Work to be completed: Give again, word for word, the lines below that run from the line with "改造期间,常有居民绕着施工围" through the line with "Para potenciar o". Drop the pictures.

Data:

BEGIN

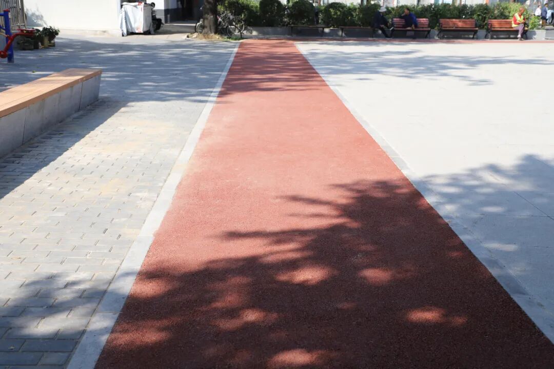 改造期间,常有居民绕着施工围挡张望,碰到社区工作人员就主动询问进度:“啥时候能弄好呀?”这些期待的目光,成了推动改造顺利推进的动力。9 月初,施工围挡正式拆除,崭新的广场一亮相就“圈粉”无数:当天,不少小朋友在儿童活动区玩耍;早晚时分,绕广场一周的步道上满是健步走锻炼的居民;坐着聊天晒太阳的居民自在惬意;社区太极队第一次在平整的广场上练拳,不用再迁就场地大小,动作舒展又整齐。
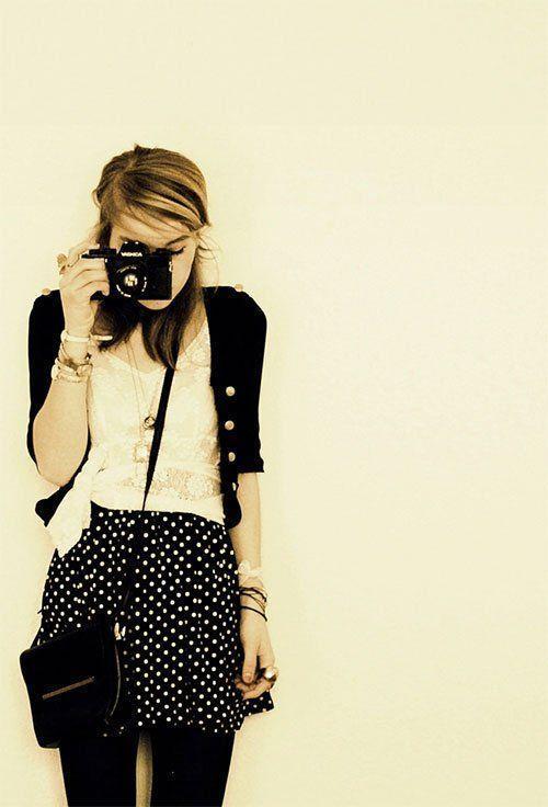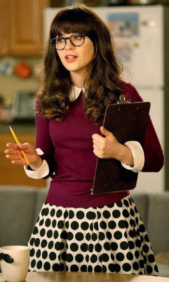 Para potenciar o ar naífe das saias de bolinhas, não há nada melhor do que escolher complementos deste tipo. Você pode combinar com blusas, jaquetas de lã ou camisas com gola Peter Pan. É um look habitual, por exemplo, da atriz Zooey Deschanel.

END
BEGIN

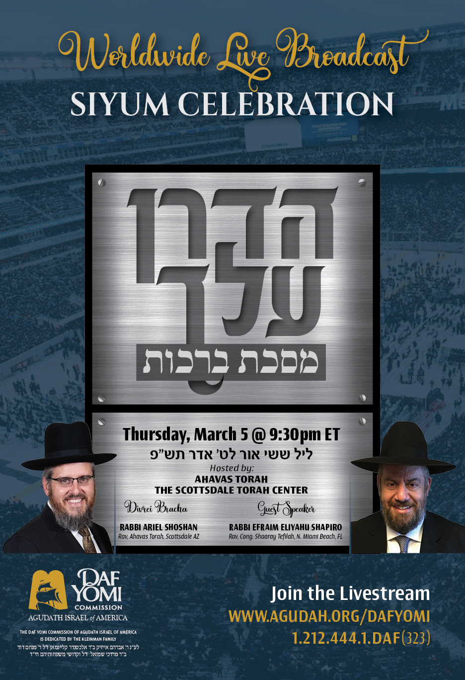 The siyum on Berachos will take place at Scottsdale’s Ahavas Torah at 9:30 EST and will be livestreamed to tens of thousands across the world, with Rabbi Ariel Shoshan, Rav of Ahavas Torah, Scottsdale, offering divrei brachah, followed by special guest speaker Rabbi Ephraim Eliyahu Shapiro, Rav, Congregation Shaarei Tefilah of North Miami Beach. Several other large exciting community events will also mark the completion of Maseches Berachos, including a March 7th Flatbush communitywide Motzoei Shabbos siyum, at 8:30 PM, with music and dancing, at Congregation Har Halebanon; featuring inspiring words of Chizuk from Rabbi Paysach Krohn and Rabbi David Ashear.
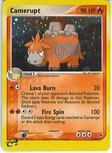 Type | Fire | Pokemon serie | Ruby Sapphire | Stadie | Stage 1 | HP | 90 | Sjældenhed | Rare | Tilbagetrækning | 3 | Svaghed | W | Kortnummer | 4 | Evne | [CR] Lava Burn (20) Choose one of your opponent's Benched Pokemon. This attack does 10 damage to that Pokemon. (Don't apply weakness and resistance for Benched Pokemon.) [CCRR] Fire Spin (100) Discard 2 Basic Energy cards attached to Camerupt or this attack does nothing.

END
BEGIN

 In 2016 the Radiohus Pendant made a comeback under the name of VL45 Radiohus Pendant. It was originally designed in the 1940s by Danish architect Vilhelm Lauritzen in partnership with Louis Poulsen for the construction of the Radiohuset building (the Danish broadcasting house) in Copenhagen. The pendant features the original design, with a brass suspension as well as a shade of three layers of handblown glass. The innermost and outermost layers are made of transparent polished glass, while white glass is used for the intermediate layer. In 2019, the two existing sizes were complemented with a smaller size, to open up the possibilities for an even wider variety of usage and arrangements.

END

Exercise answer:
 改造期间,常有居民绕着施工围挡张望,碰到社区工作人员就主动询问进度:“啥时候能弄好呀?”这些期待的目光,成了推动改造顺利推进的动力。9 月初,施工围挡正式拆除,崭新的广场一亮相就“圈粉”无数:当天,不少小朋友在儿童活动区玩耍;早晚时分,绕广场一周的步道上满是健步走锻炼的居民;坐着聊天晒太阳的居民自在惬意;社区太极队第一次在平整的广场上练拳,不用再迁就场地大小,动作舒展又整齐。
 Para potenciar o ar naífe das saias de bolinhas, não há nada melhor do que escolher complementos deste tipo. Você pode combinar com blusas, jaquetas de lã ou camisas com gola Peter Pan. É um look habitual, por exemplo, da atriz Zooey Deschanel.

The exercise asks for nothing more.